RAW DATA:
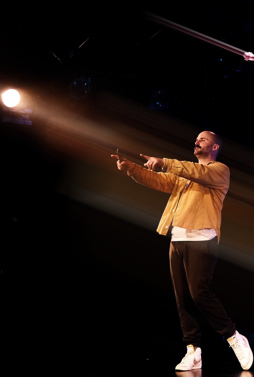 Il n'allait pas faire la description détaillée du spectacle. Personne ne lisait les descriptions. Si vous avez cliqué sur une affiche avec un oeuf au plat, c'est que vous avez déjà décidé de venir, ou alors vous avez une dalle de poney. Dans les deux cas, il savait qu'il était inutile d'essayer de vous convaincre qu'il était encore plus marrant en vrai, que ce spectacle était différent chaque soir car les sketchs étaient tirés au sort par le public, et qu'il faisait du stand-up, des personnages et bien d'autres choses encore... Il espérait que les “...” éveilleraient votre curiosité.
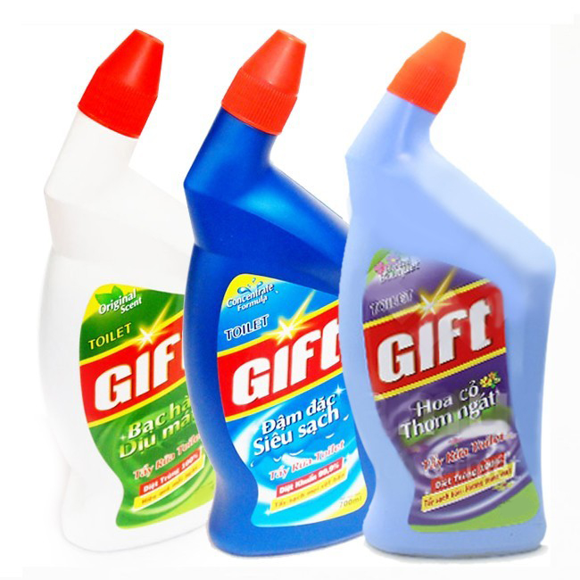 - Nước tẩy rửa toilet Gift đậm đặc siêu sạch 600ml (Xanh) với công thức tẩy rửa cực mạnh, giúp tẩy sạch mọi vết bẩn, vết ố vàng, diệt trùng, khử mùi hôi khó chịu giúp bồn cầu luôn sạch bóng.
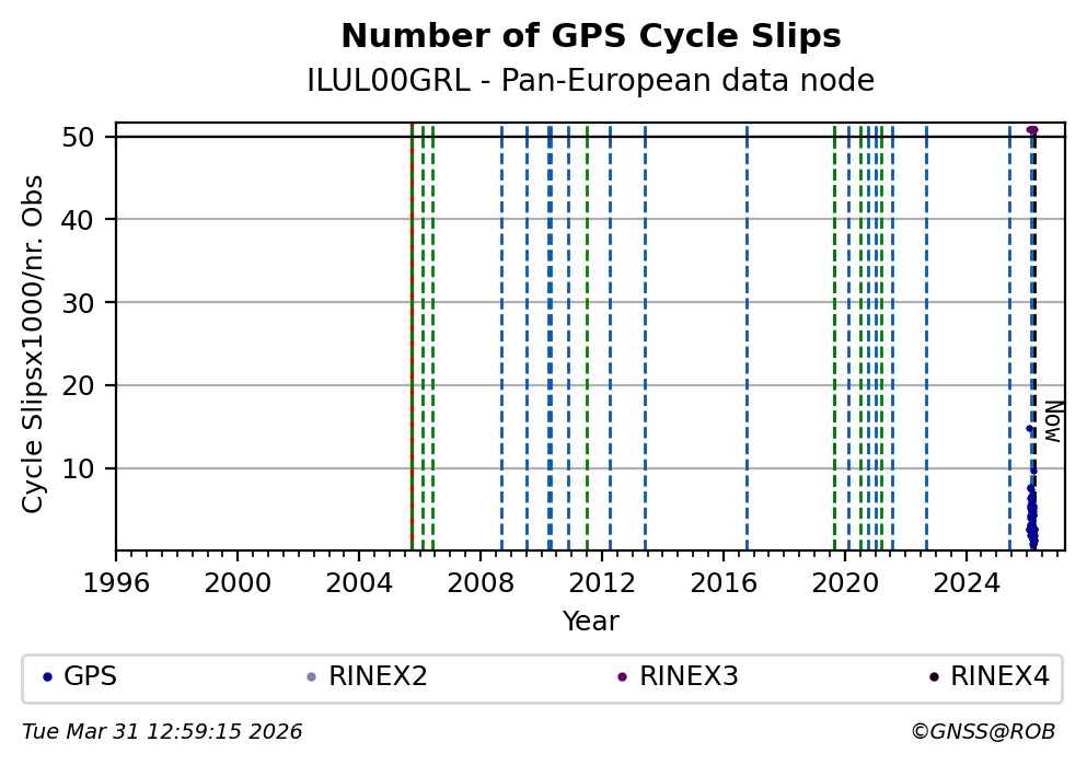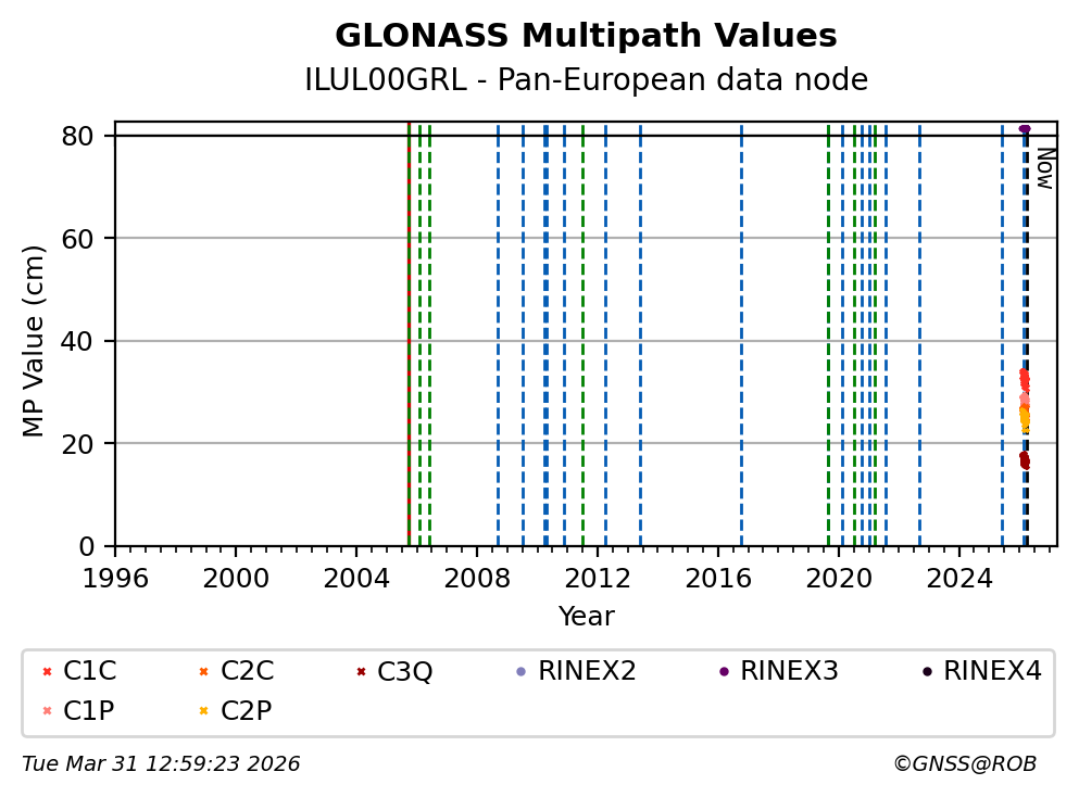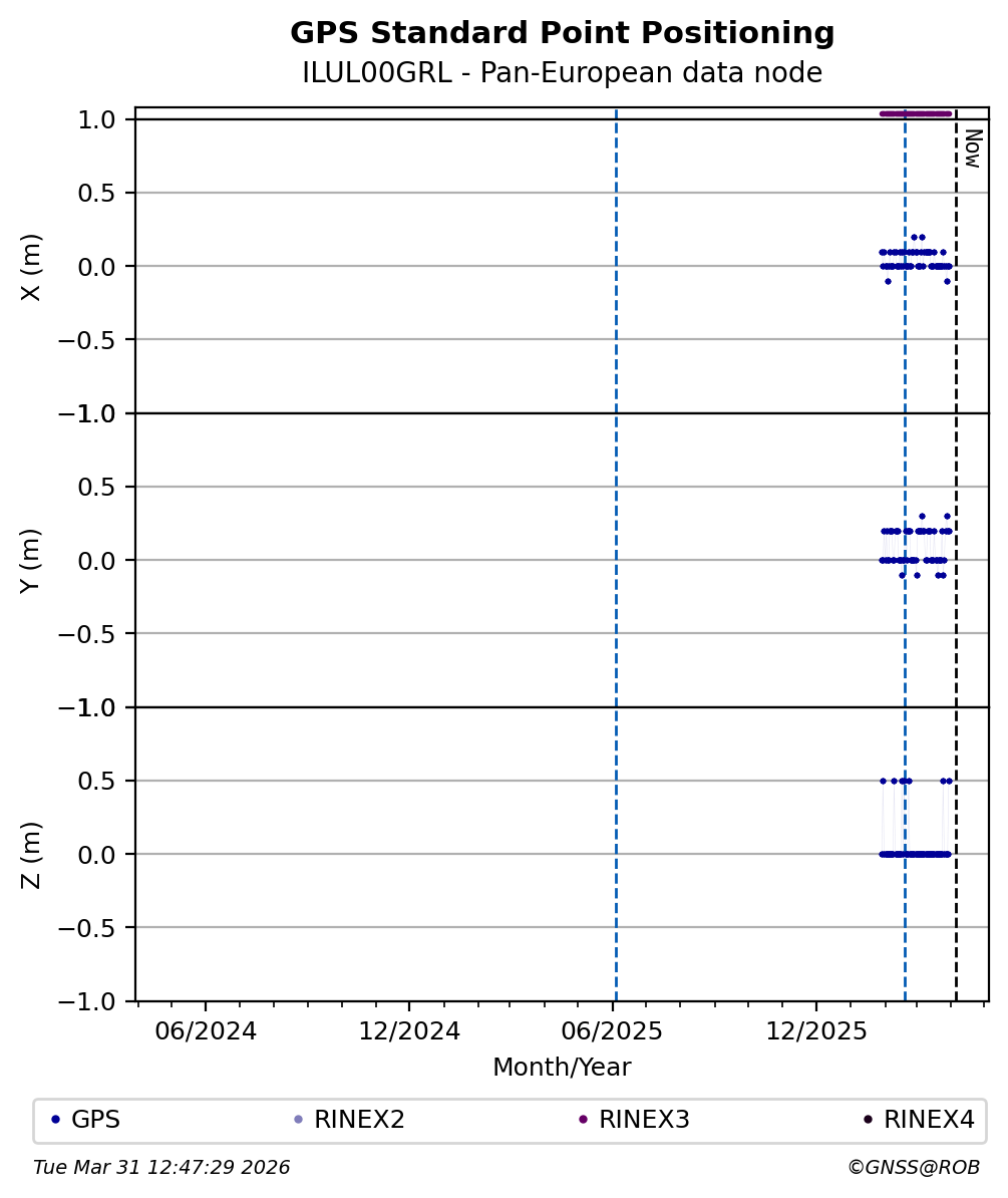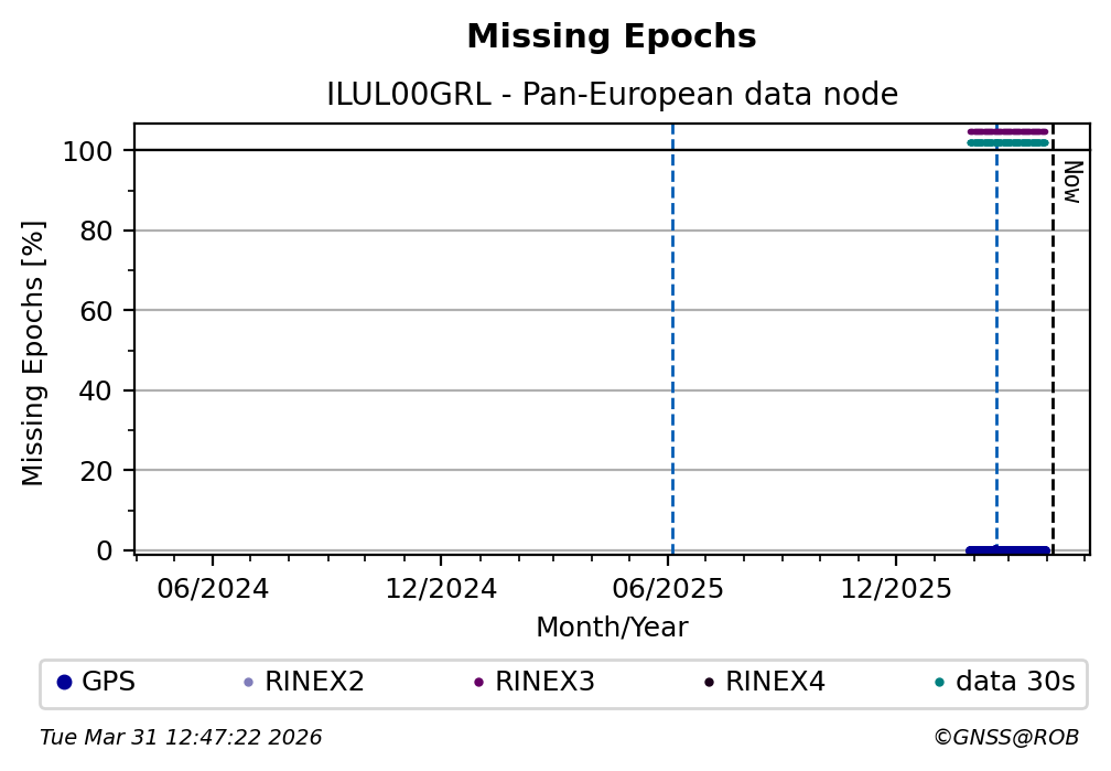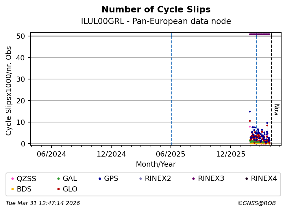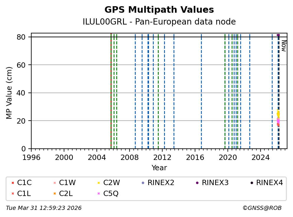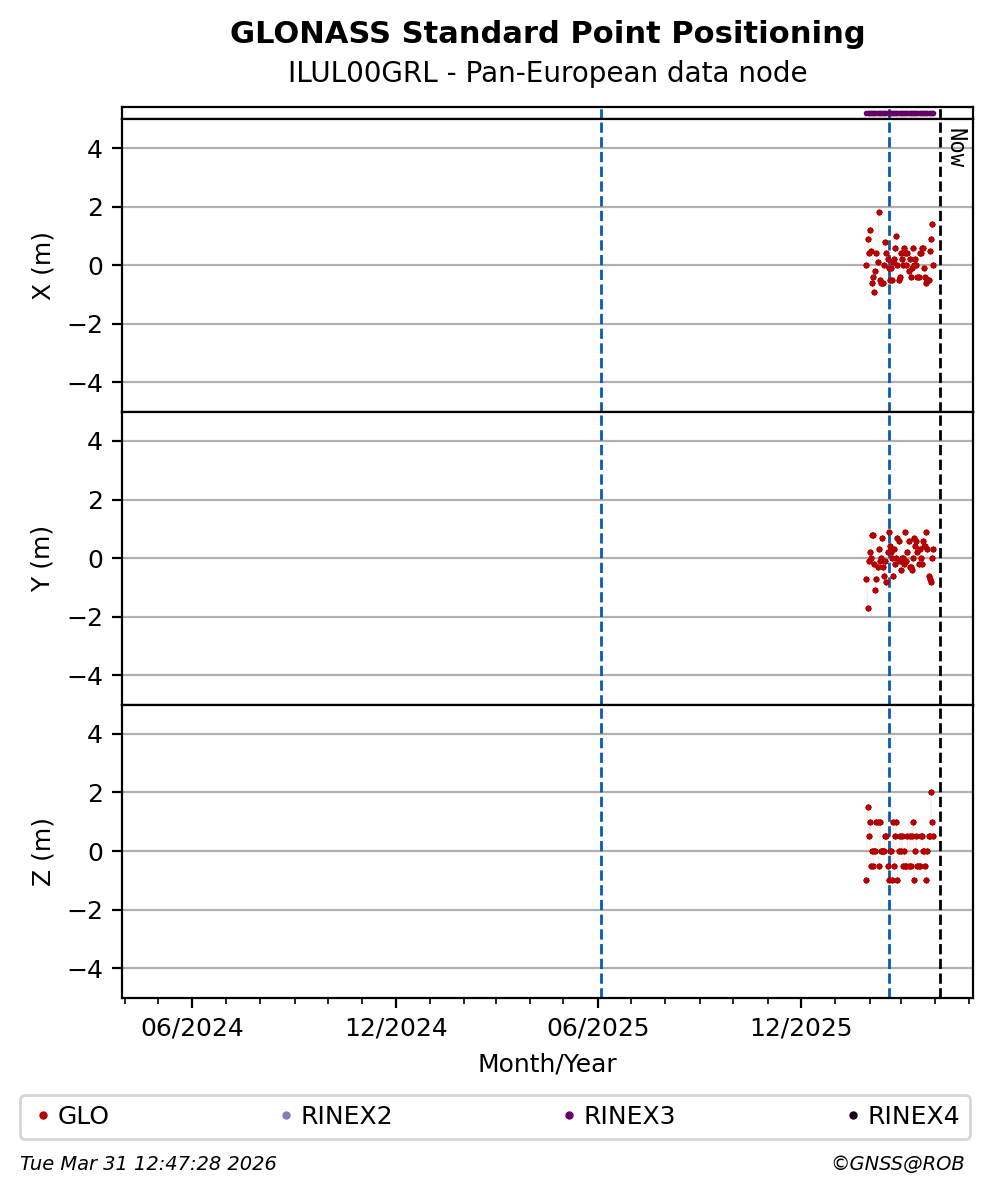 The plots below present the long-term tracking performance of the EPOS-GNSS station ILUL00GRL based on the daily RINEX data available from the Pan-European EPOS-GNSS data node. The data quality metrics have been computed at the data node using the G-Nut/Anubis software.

TASK PROMPT: Retype the material in full, exactly as written, and exclude the pictures.

TASK RESPONSE:
 Il n'allait pas faire la description détaillée du spectacle. Personne ne lisait les descriptions. Si vous avez cliqué sur une affiche avec un oeuf au plat, c'est que vous avez déjà décidé de venir, ou alors vous avez une dalle de poney. Dans les deux cas, il savait qu'il était inutile d'essayer de vous convaincre qu'il était encore plus marrant en vrai, que ce spectacle était différent chaque soir car les sketchs étaient tirés au sort par le public, et qu'il faisait du stand-up, des personnages et bien d'autres choses encore... Il espérait que les “...” éveilleraient votre curiosité.
 - Nước tẩy rửa toilet Gift đậm đặc siêu sạch 600ml (Xanh) với công thức tẩy rửa cực mạnh, giúp tẩy sạch mọi vết bẩn, vết ố vàng, diệt trùng, khử mùi hôi khó chịu giúp bồn cầu luôn sạch bóng.
 The plots below present the long-term tracking performance of the EPOS-GNSS station ILUL00GRL based on the daily RINEX data available from the Pan-European EPOS-GNSS data node. The data quality metrics have been computed at the data node using the G-Nut/Anubis software.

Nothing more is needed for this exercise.